From the fall 2012 VPL book sale.

Read in March 2013.

View all my reviews

The protagonist is an immigrant living in Quebec. He had a job at a restaurant as a dishwasher, then was promoted to busboy, but he quit when the maitre’d told him he was “too brown” to be a waiter. He’s now on welfare.

He tried to commit suicide by hanging himself from a tree, but the branch broke. He’s currently in court-ordered therapy with a psychiatrist, Genevieve. In his sessions with Genevieve, he talks about his past and his regrets, and these scenes foreshadow the book’s climax.

All of his friends/acquaintances are also immigrants, but they don’t share his background. Most of them, like his frenemy Reza and Shohreh, who he sort of has a relationship with, are Persian/Iranian, but he isn’t. His name and home country are never revealed. (‘Lira’ is mentioned, but this is a generic term, like ‘dollar.’) However, it’s possible he’s Lebanese, since Hage immigrated to Canada from Lebanon.

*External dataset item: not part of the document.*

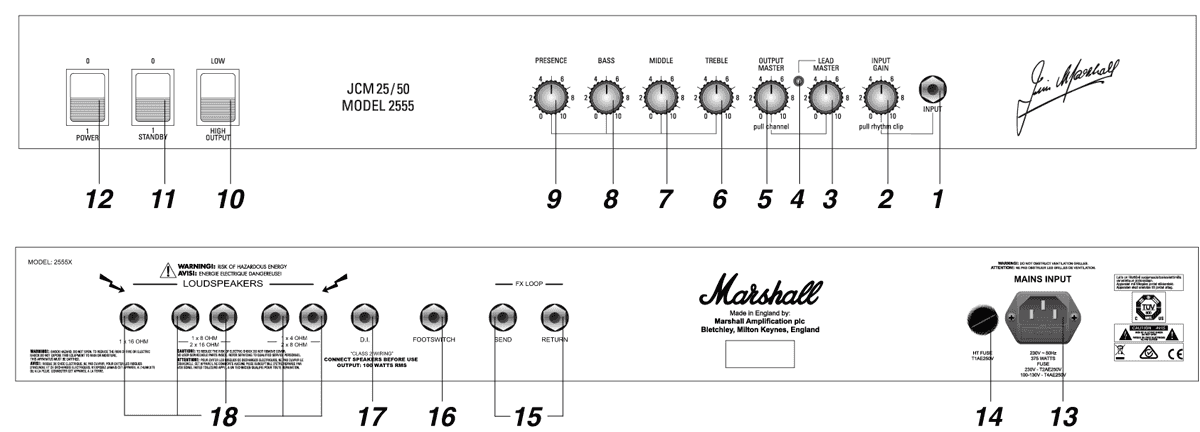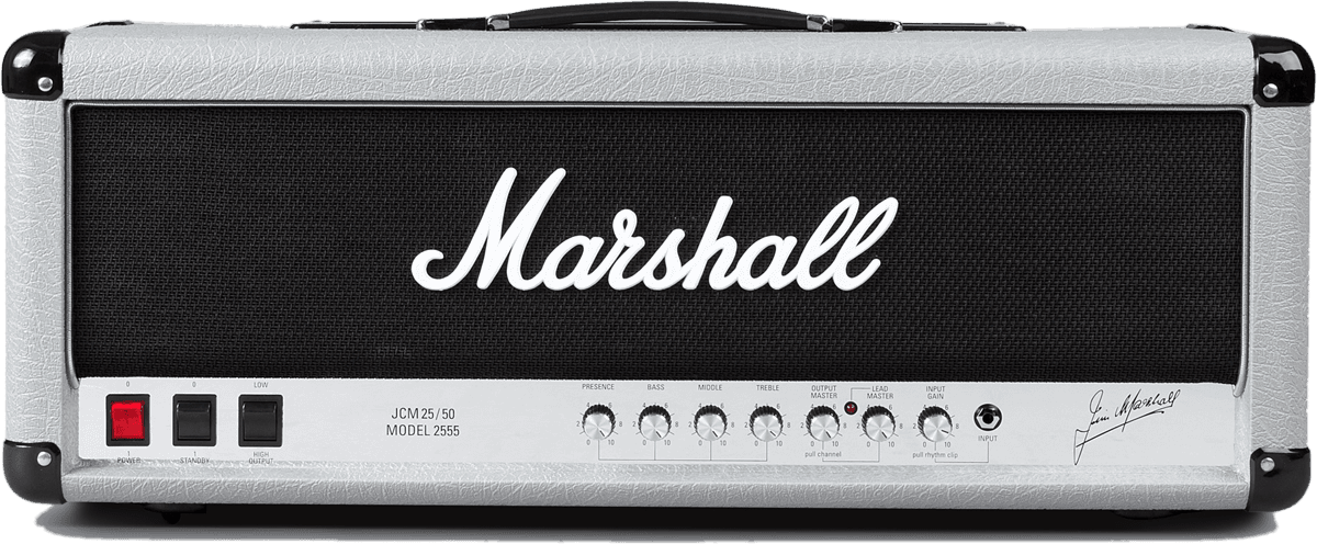 Basée sur les modèles JCM800 2203 et 2204, la 2555 fut l’une des premières productions Marshall à comporter un interrupteur pentode/triode. Elle bénéficiait d’un préampli innovant avec trois modes de gain : clean, rhythm clip et un canal lead déclenchable au pied. Les trois réglages des basses, médiums et aigus ainsi que celui de présence avaient été revus pour offrir plus de diversité tonale que n’importe quel autre ampli Marshall produit jusqu’alors.

He imagines himself as a cockroach. This is partly a metaphor for how he sees himself (a low-life, a pest, but resilient), but also being a cockroach allows him to explore places he couldn’t as a human. One question for the reader to decide is how much of what he does as a cockroach is real and how much is imaginary.

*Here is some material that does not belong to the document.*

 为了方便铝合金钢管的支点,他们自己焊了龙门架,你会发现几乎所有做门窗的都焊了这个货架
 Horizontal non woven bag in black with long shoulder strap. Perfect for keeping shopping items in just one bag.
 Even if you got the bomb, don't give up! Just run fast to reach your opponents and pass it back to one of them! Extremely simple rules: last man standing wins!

He’s kind of an anti-hero. He’s not a ‘good’ person (yes, the dreaded unlikable character!), but I still empathized with him.

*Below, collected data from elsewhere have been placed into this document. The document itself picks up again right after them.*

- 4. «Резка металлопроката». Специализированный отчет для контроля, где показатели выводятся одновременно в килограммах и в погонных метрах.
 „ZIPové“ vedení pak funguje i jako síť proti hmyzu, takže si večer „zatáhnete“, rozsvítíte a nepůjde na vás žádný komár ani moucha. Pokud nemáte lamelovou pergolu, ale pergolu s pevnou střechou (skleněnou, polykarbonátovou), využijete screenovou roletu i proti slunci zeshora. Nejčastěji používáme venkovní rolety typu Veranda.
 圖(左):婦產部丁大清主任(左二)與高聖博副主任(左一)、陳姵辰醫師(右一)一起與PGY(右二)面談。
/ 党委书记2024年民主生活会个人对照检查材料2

Cockroach is funny, in a dark humor / black comedy kind of way. In what comes as no surprise (at least to me!), there are drug-induced hallucinations. Note to self: if you have the urge to write an “I’m on drugs!” scene, just say no.

Also, it’s quite scatological. You’ve been warned!

VPL Fall Book Sale

9: The Lonely Voice

The Lonely Voice: A Study of the Short StoryThe Lonely Voice: A Study of the Short Story by Frank O’Connor

My rating: 2 of 5 stars

Borrowed from the VPL.

Read in March 2013.

View all my reviews

Some notes from the introduction:

  • “The novel is bound to be a process of identification between the reader and the character.” (16)
  • But this is not true of short stories: “There is no character here with whom the reader can identify himself, unless it is that nameless horrified figure who represents the author … the short story has never had a hero. What it has instead is a submerged population group,” (17) i.e. outlawed figures, fringes of society.
  • “there is in the short story at its most characteristic something we do not often find in the novel–an intense awareness of human loneliness” (18-19).
  • The differences between novel and short story are more ideological—with respect to national attitude toward society—than formal. The novel = civilized society, community. The short story = “remote from the community–romantic, individualistic, and intransigent” (20).
  • the short story “is organic form, something that springs from a single detail and embraces past, present, and future” (21)
  • the storyteller “must be much more of a writer, much more of an artist” (22) than the novelist—great novelists can be inferior writers; great storytellers are generally not inferior writers.
  • “the form of the novel is given by the length;  in the short story the length is given by the form” (26)
  • “the difference between the short story and the novel is not one of length. It is a difference between pure and applied storytelling” (26)
  • short story = static, single episode, life telescoped. novel = episodic.

We have been told that the novel is dead, and I am sure that someone has said as much for the short story. I suspect that the announcement may prove a little premature … the novel and the short story are drastic adaptations of a primitive art form to modern conditions—to printing, to science, and individual religion–and I see no possibility of or reason for their supersession except in a general supersession of all culture by mass civilization. (43) [dated June 21, 1962]

The rest of the book is an analysis of work by various short story writers. There are some insights here and there, but also so many racist, sexist, homophobic, xenophobic stereotypes. I found it hard to take. The Katherine Mansfield chapter was especially terrible. So yeah. If you pick this up, you’ve been warned. The introduction was interesting, though.